Боязнь радости, неуверенность в себе, обусловленные печальным опытом, делают нас пассивными пациентами – испытывающими боль, страдательными существами, мертвыми душами. Спасти от этого может знание, приобретенный опыт – ЯСНОСТЬ КАРТИНЫ. Она состоит из признания ЕДИНСТВА ЛЮДЕЙ и замены ложной гордыни гордостью сопричастности, что делает человека уверенным в себе, сильным и добрым. Именно пациентизм делает человека несчастным, давая ему взамен истинного – ложное, мелкое себялюбие, окрашенное постоянным страхом, вместо любви к людям и бесстрашия. «Сладкую» обиду, чувство «жертвы» вместо истинной гордости и уверенности в себе. Но борьба с «пациентизмом» – вполне реальна и доступна каждому («внутренний круг»…). Она фактически не зависит от внешних условий. Это значит, что человек может быть счастлив при любых внешних условиях! А социальные внешние условия – творение людей. Совершенно однозначно получается, что самый верный путь построения счастливого общества – самосовершенствование каждого человека. Счастливое состояние человека – первично, социальные условия вторичны – вот в чем разгадка! (Ибо любое устройство при несовершенстве самого человека принимает уродливые формы!). Избавление от «пациентизма», признание ЯСНОСТИ КАРТИНЫ – вот путь! Бороться надо в первую очередь не с хищничеством, а с жертвенностью! Хищники вторичны! Первичны жертвы. Как бы мы ни искореняли хищников, если будут люди, подверженные жертвенности, – обязательно найдется и хищник. Но если не будет жертв – не будет и хищников, будут просто энергичные, динамичные, сильные люди.
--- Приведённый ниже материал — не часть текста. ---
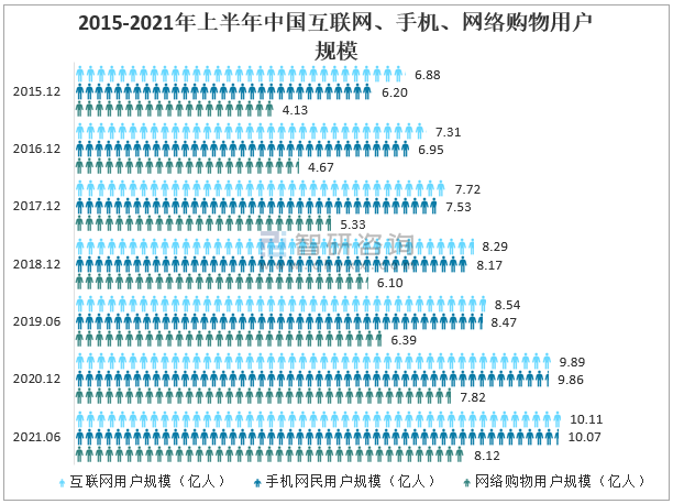 2015-2021年上半年中國互聯網、手機、網絡購物用戶規模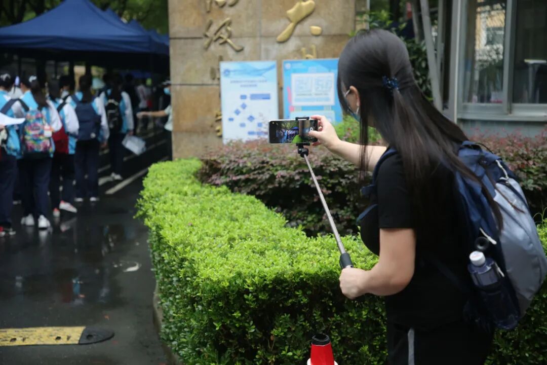 在上外嘉定实验高中考点,陈女士拿着手机一路跟拍参加高考的孩子。“今年情况特殊,应该留下一份珍贵的回忆。”陈女士表示,希望孩子能够正常发挥,“努力就好”。

Хочешь строить счастливое общество? Избавляйся от ПАЦИЕНТИЗМА в самом себе, добивайся ЯСНОСТИ КАРТИНЫ! Будь бесстрашен и счастлив, несмотря ни на что!»
Да, я убеждал сам себя – и правильно! – однако… Замысел моего романа был весьма непростой, я хорошо представлял себе, каких именно «пациентов» будет навещать Николай Васильевич Глазов, и как они распорядились священным даром жизни. Но… Если рассказ можно написать, вставая часов в 5 утра, пока соседи спят и не доносятся с кухни детские голоса и отголоски «разборок», не звонит в коридоре телефон или звонок входной двери, и можно отдаться на небольшой этот период святому творчеству, не беспокоясь временно о том, что денег осталось от силы на месяц, и скоро придется хочешь-не-хочешь искать новый детский сад, договариваться о съемке, фотографировать с оглядкой, постоянно помня, что в любой из проверочных комиссий, которые бывают в детских садах, может оказаться представитель ОБХСС, который вправе поинтересоваться, что за фотограф снимает детей – от какой он организации… Советские «Мертвые души» требовали гораздо более серьезного и основательного подхода, чем все мои прежние рассказы и повести… Как минимум год полного погружения был просто необходим. А где его взять – год спокойной жизни, целиком посвященный бесплатной работе?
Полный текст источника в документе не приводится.